Strathcona County, east of Edmonton, is rotating two, 15-member crews to help battle the enormous wildfire in Fort McMurray, Alta.

The first batch left Sherwood Park on Tuesday night and have been working virtually flat-out since they arrived in the wee hours Wednesday. The were set to head home on Thursday night.

The Strathcona fire department tweeted a photo of six firefighters sprawled on a lawn in Fort McMurray, with another reclining in the trunk of a van.

Deputy operations chief Devin Capcara said the picture was taken at about 2 p.m. on Wednesday during their first bit of rest.

"They took about a 15 to 20 minute break and then went right back to it," he said.

"Being there, knowing that things are burning, our guys don't like to take rest breaks so they've pretty much been on the trucks the whole time."

The fire crews are based out of staging areas big enough to park trucks and set up tents and are out of the fire's path — often a school or a recreation centre. Capcara said many of his members are based at a truck stop on the outskirts of the city.

With no kitchen amenities to speak of, food options are limited.

fort mcmurray wildfire
Fire Rescue crews unload in preparation to battle a wildfire in Fort McMurray, Alta., May 5, 2016. (Photo: Jason Franson/CP)

"So they're living on food that you can take with you wherever you're going," said Capcara. "The crews, after about the first 20 hours, were pretty sick of Gatorade and granola bars, which is what we have as a minimum in all our trucks."

The firefighters in the second rotation are heading up with more varied provisions in their trucks, he said.

Despite the tough conditions, Capcara said members are banging down his door wanting to go up.

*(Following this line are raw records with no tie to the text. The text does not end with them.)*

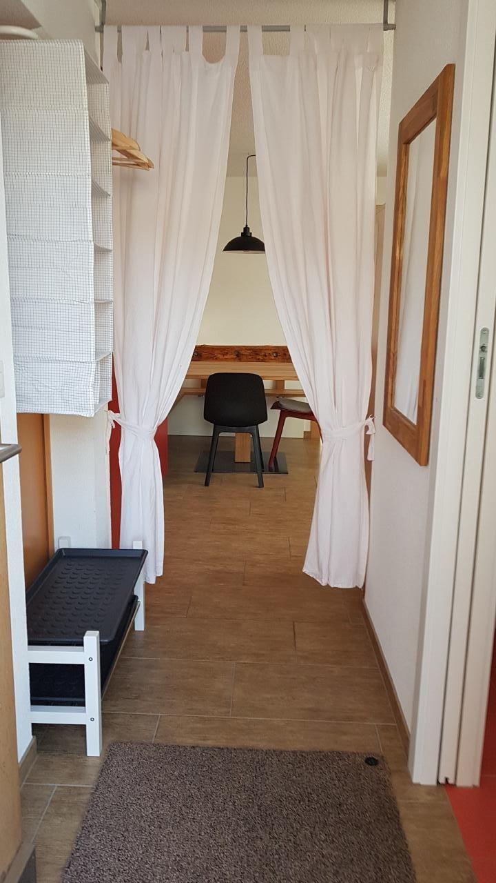 Other bedroom furnishings (bedroom 1): Bedroom and living room are in one room. The double bed is only accessible from the foot end. The bed is not suitable for people with physical disabilities.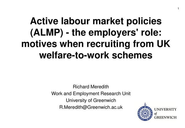 Organisational Perspectives.pdf. SAGE Publications. • Bonoli, G., 2010. Active labour market policy and social investment: a changing relationship. • Breaugh, J.A., 2008. Employee recruitment: Current knowledge and important areas for future research. Human Resource Management Review 18, 103–118. doi:10.1016/j.hrmr.2008.07.003 • Brown, W., Marsden, D., 2010. CEP Discussion Paper No 1037 December 2010 Individualisation and Growing Diversity of Employment Relationships William Brown and David Marsden. • Card, D., Kluve, J., Weber, A., 2015. What Works? A Meta Analysis of Recent Active Labor Market Program Evaluations. • Clegg, R., 2015. Monthly Labour Market Statistics - geographical coverage: UK. • Dean, H., 2013. The translation of needs into rights: Reconceptualising social citizenship as a global phenomenon: The translation of needs into rights. International Journal of Social Welfare 22, S32–S49. doi:10.1111/ijsw.12032 • Devins, D., Bickerstaffe, T., Nunn, A., Mitchell, B., McQuaid, R., 2011. The Role of Skills from Worklessness to Sustainable Employment with Progression. (No. 38). UK Commission for Employment and Skills, Wath-upon-Dearne. • Edwards, P., Gilman, M., Ram, M., Arrowsmith, J., 2002. Public Policy, the Performance of Firms, and the “Missing Middle”: The Case of the Employment Regulations, and a Role for Local Business Networks. Policy Studies 23, 5–20. doi:10.1080/0144287022000000055 • Grugulis, I., 2007. Skills, training and human resource development: a critical text. Palgrave Macmillan, Basingstoke [England]; New York. • Hasluck, C., 2011. Employers and the recruitment of unemployed people: an evidence review. • Ingold, J., Stuart, M., 2014. Employer Engagement in the Work Programme (No. 5). Centre for Employment Relations Innovation & Change, Leeds University Business School, Leeds. • Martin, C.J., 2004. REINVENTING WELFARE REGIMES Employers and the Implementation of Active Social Policy. World Politics 57, 39–69. • Martin, C.J., Swank, D., 2004. Does the organization of capital matter? Employers and active labor market policy at the national and firm levels. American Political Science Review 98, 593–611. • Martin, J.P., 2015. Activation and active labour market policies in OECD countries: stylised facts and evidence on their effectiveness. IZA Journal of Labor Policy 4. doi:10.1186/s40173-015-0032-y • Meadows, P., 2006. What works with tackling worklessness? London Development Agency, London. • Miles, R.E., Snow, C.C., Meyer, A.D., Coleman, H.J., 1978. Organizational Strategy, Structure, and Process. The Academy of Management Review 3, 546. doi:10.2307/257544 • Niblett, R., Begg, I., Mushovel, F., 2015. The Welfare State in Europe: Visions for Reform (EU Research Paper). Chatham House: The Royal Institute of International Affairs. • Pike, A., Tomaney, J., McCarthy, A., 2012. Governing uneven development:: the politics of local and regional development in England, in: Regional Development Agencies: The Next Generation?: Networking, Knowledge and Regional Politics. Routledge, pp. 102–122. • Ployhart, R.E., 2006. Staffing in the 21st Century: New Challenges and Strategic Opportunities. Journal of Management 32, 868–897.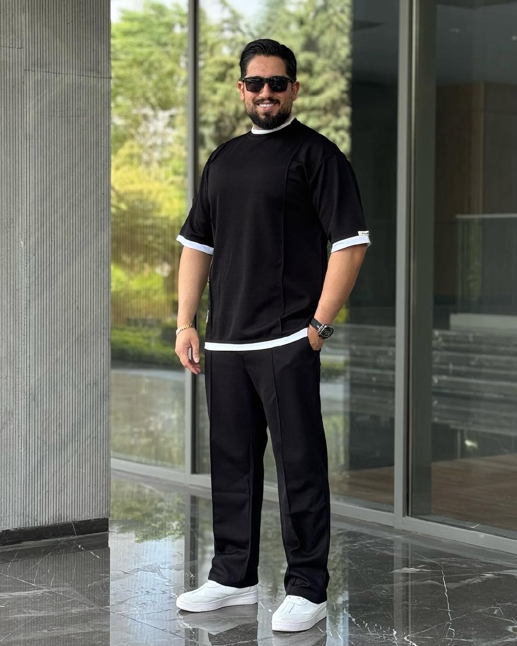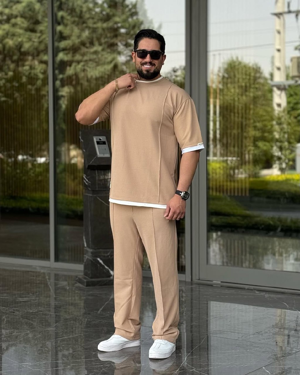 تیشرت شلوار مردانه مدل رهام دارای جنس بیسکوییتی در رنگبندی و سایزبندی قد تیشرت حدود ۷۲ و قد شلوار حدود۱۰۷ قابل سفارش است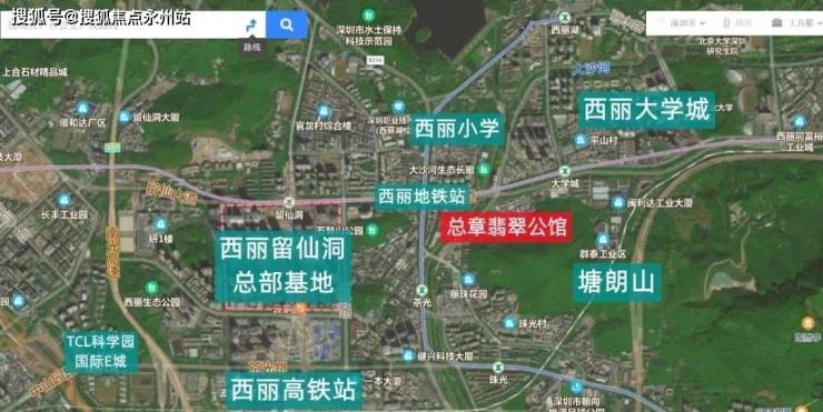 总章翡翠公馆位于大沙河东侧,珠光北路和留仙大道交汇处的南侧。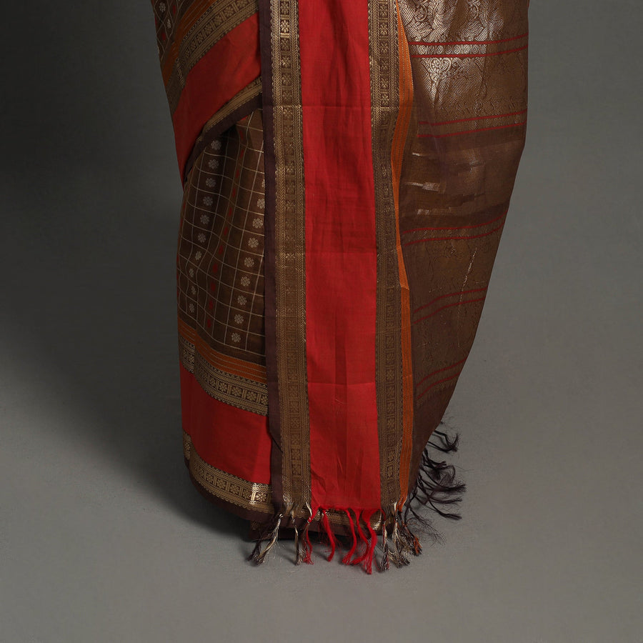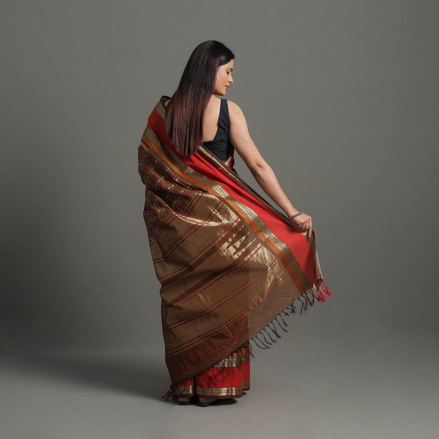 Celebrate the timeless elegance of traditional handloom cotton zari border kanchipuram saree, handwoven in Tamil Nadu's temple city. These cotton sarees from Kanchi are a spin on the Konrad temple sarees of Tamil Nadu that were used as a drape for deities. Adorned with signature temple borders, wide pallavs, and temple-inspired motifs, these sarees reflect centuries-old traditions. They are crafted with care and attention to detail, Perfect for cultural festivities or everyday wear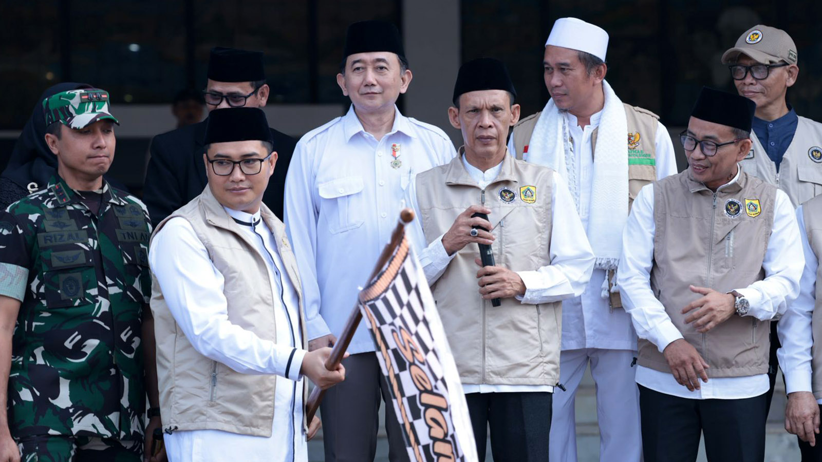 Cibinong, Kompim - Ade Ruhandi (Jaro Ade), Wakil Bupati Bogor secara resmi melepas keberangkatan jemaah haji Kabupaten Bogor Kloter 3 Tahun 2026 di Gedung Tegar Beriman, Kamis (23/4/2026) pukul 07.30 WIB. Pelepasan ini menandai dimulainya rangkaian pemberangkatan jemaah haji asal Kabupaten Bogor, sekaligus menegaskan komitmen pemerintah daerah dalam memastikan pelayanan, kesiapan, dan keselamatan jemaah selama menjalankan ibadah di Tanah Suci.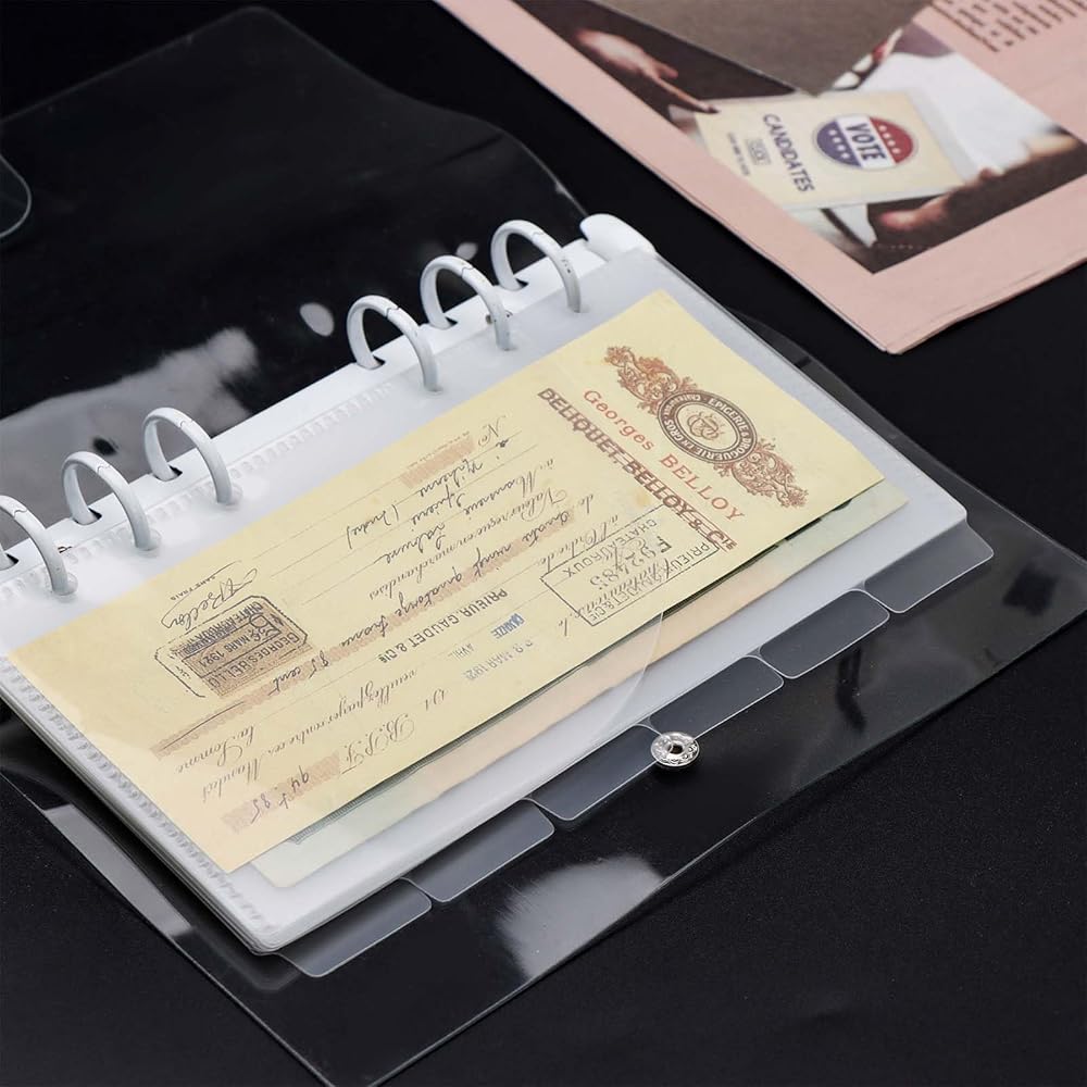Plastic pocket for collecting and organizing cash, coupons, bills, vouchers, stamps, coins, finances, receipts, cards or other items is a practical gift for organizing binders.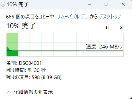 実際、40Gbpsに対応したデバイスを持っていません。。。。爆笑。。。でしかたがないので早いSSDカードリーダーで10GBほどPCにデータを転送してしみました。(SDカードも早いタイプのものを使用)その結果は。。。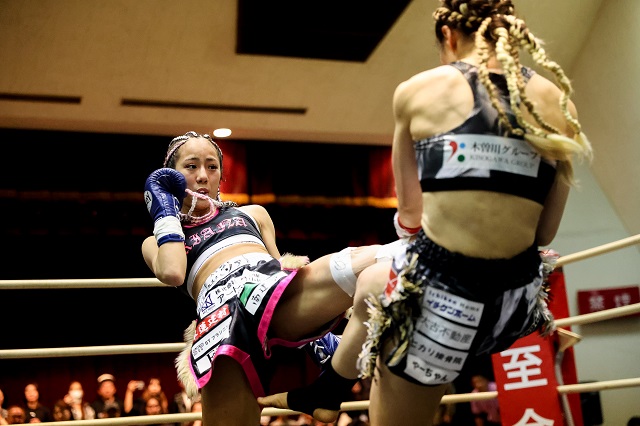 3R 会場の熱量は最大に達し、両者の気持ちが強く出た試合展開となった。撃ち合うシーンが多く見られ共に多くの被弾をしつつも最後まで果敢に攻め続けた。1R から両者一歩も譲らない攻防が続き、首相撲の展開が多く見られた。終盤では激しい打ち合いが繰り広げられ会場全体が熱気に包まれた。全体を通して徐々に RIANA がペースを掴んでいきベルトを掴み取った。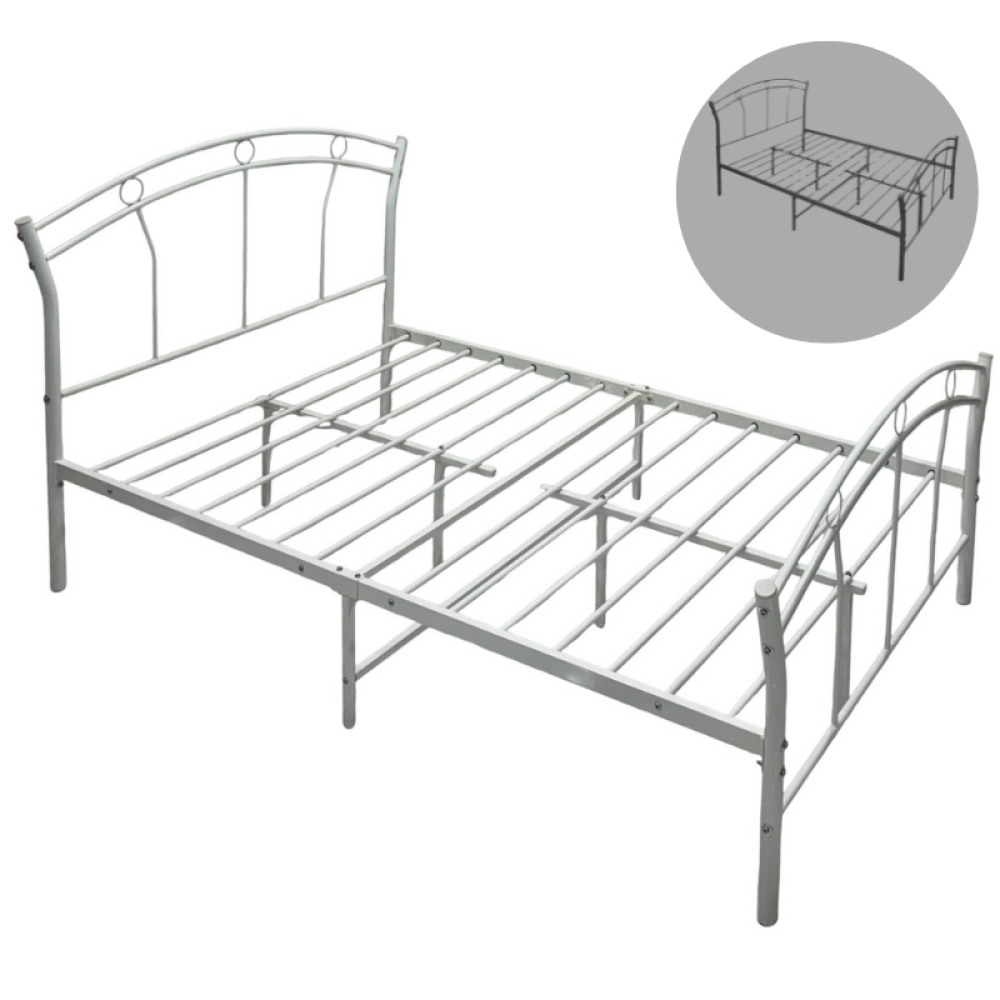 لاستكمال ديكور غرفة النوم نقدم لكم سرير النوم الرائع هذا المصنوع من أجود أنواع المعادن المتينة والمقاومة للكسر لسنين طويلة، هذا السرير مميز بمسند ظهر ومسند أمامي مزينان بقضبان معدنية منحنية تضفي لمسة من التميز والانسيابية للتصميم، نوفره لكم في متجرنا بقياسين ولونين لاختيار المناسب.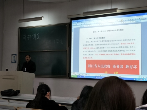 讲座上,谢汪送教授以浙江工商大学2017年硕士研究生招生简章为例,为同学普及考研知识。讲座主要围绕考研的重要性、考研的学习方法、考研报名的注意事项等几个方面展开,对适合经贸学生报考的几个专业进行了重点介绍,对几个相近专业的差别做了详细的对比说明。谢教授还为同学们展示了往年考研学长学姐的经验,鼓励更多的同学通过考研扩宽未来职业生涯、人生规划的发展之路。生动的真人真事,是身边榜样的力量,给大家留下了深刻的印象。讲座后,谢教授还特意留出时间对有考研疑问的同学进行指导,同学们收获满满。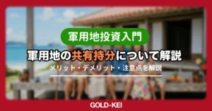 【2026年】軍用地の共有持分は売れる?メリット・デメリットとトラブル回避の出口戦略をプロが解説 親から相続した軍用地が兄弟との共有名義になっていたり、割安な共有持分物件を見つけて投資を検討したりしていませんか?結論から言うと、軍用地の共有持分は単独所有...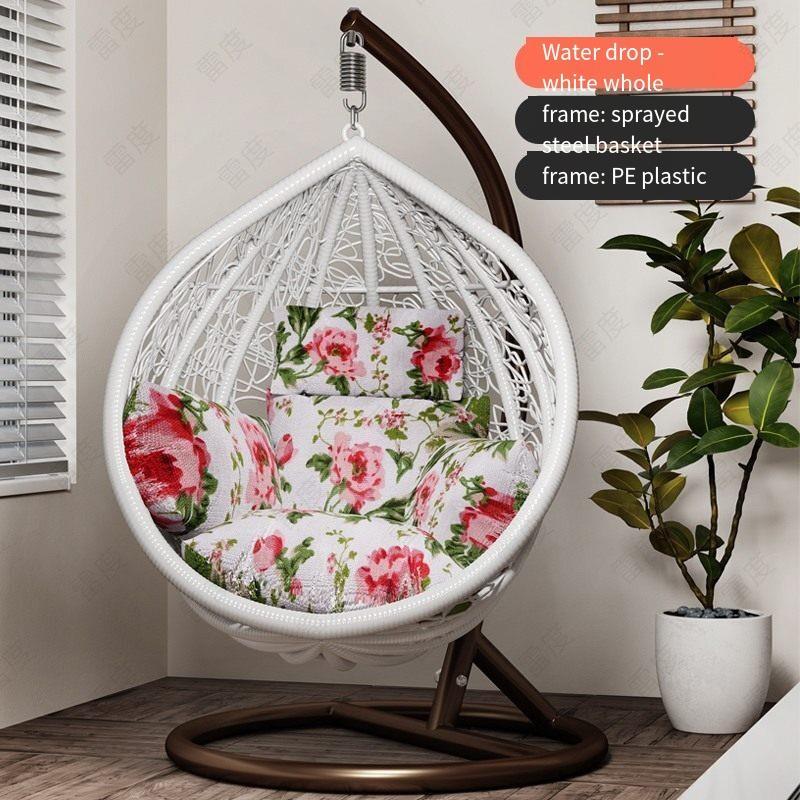 Hanging Chair Outdoor Swing Basket Rattan Household Leisure Lazy Indoor Balcony Bird's Nest Hammock Cradle Rocking Luxury White (bold Rattan) With Pillow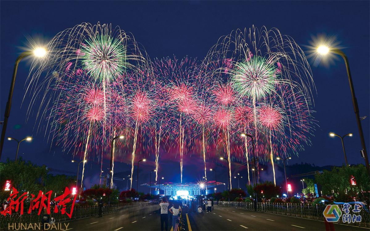 璀璨烟花绽放夜空,张雪由衷感叹浏阳烟花特别棒,名不虚传。记者彭红霞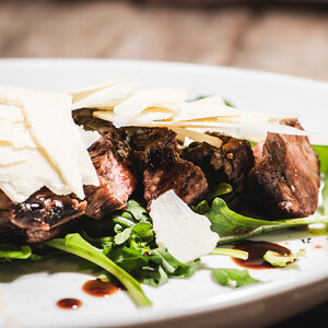 Tagliata di manzo con rucola, grana e aceto balsamico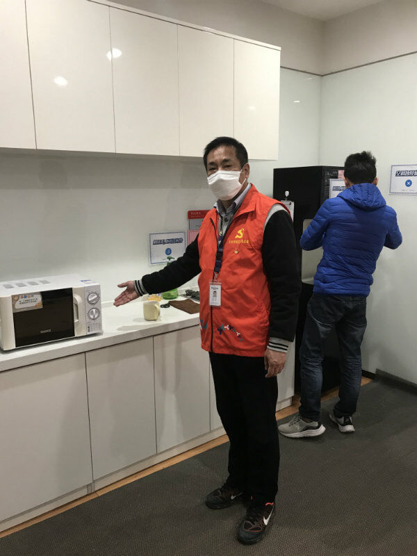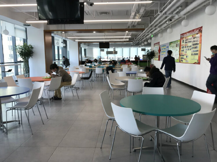 到达软通深圳公司中设广场办公区时已过中午12点,正是饭点时间,但此时位于大厦六楼食堂的就餐人员还不足20人。原来公司严格实行分就时餐制,并鼓励员工自带餐盒,每个楼层配微波炉,避免餐厅人员过多集聚。公司在公共区域还配备了鞋底消毒、免洗手消毒等设施,各项抗疫物资储备较为充足。姜李表示,疫情当前,软通动力深圳公司正在努力做到复工、防控两不误,为坚决打赢疫情防控阻击战贡献自己的力量。
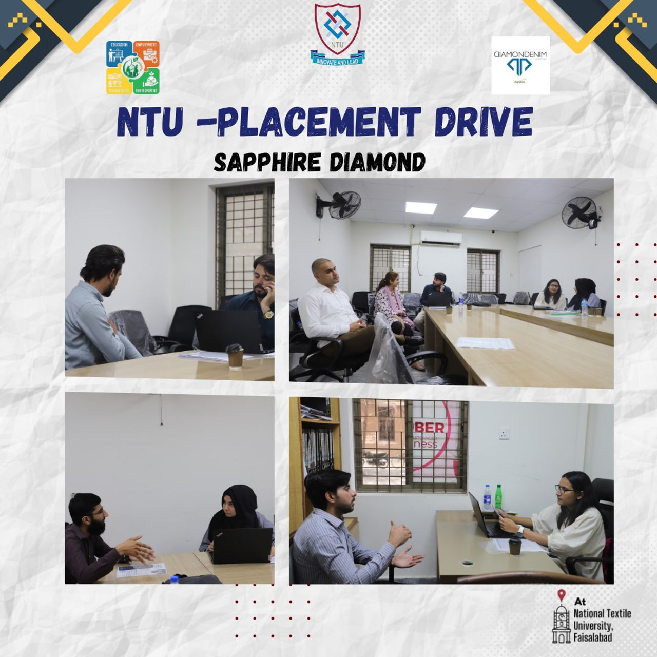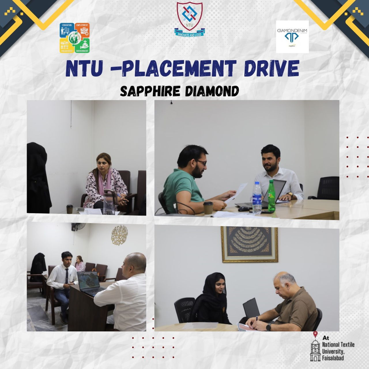 National Textile University (NTU) hosted a placement drive at the PMYDC Centre, welcoming the HR Director of Sapphire Diamond Fabrics Pvt Ltd, Syed Faraz Shahid, along with his team on April 22, 2025. The event was coordinated by Dr. Imran Khan, Deputy Director of Job Placement and Internships, with support from NTU-PMYDC and the Advisor’s Office. Aimed at providing students with valuable career opportunities in the textile sector, the drive attracted a significant number of aspiring graduates. The following are the details of this placement drive: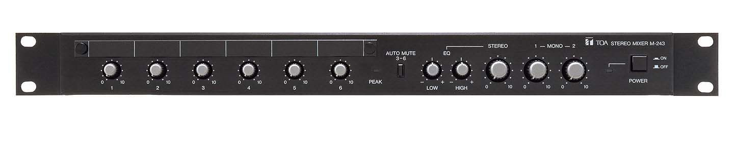 Stereo mixer\n\nThe M-243 is an EIA Standard equipment rack (1-unit size) stereo mixer that comes with two monaural inputs, four stereo inputs, one stereo output and two monaural outputs.

"We are co-ordinating with the provincial operations centre to support them as much as we can. Everybody wants to go, but we're being careful about being able to maintain our own emergency services here at a bare minimum," he said.

"I'm having to hold back a lot of guys who really want to go up and help, for sure."

Many firefighters turned away

Brian McEvoy, chief of the Bonnyville Regional Fire Authority, said he's also had to turn down many of the firefighters clamouring to go. Conditions in that area have been just as dry and hot as those in Fort McMurray, some 400 kilometres to the northwest.

Bonnyville has sent a water truck and two firefighters who are "getting pretty exhausted and worn out."

The Cold Lake fire department is rotating two, five-member crews, said chief Jeff Fallow.

"They're running on very little sleep and they're finally able to rotate crews in and out a little bit."

Three of the department's 70 members are paid, with the rest volunteers.

A lot of the volunteers have lined up time off with their bosses to pitch in, but Fallow said most can't go.

"We're hot and dry in this area and we've got to look after our citizens too."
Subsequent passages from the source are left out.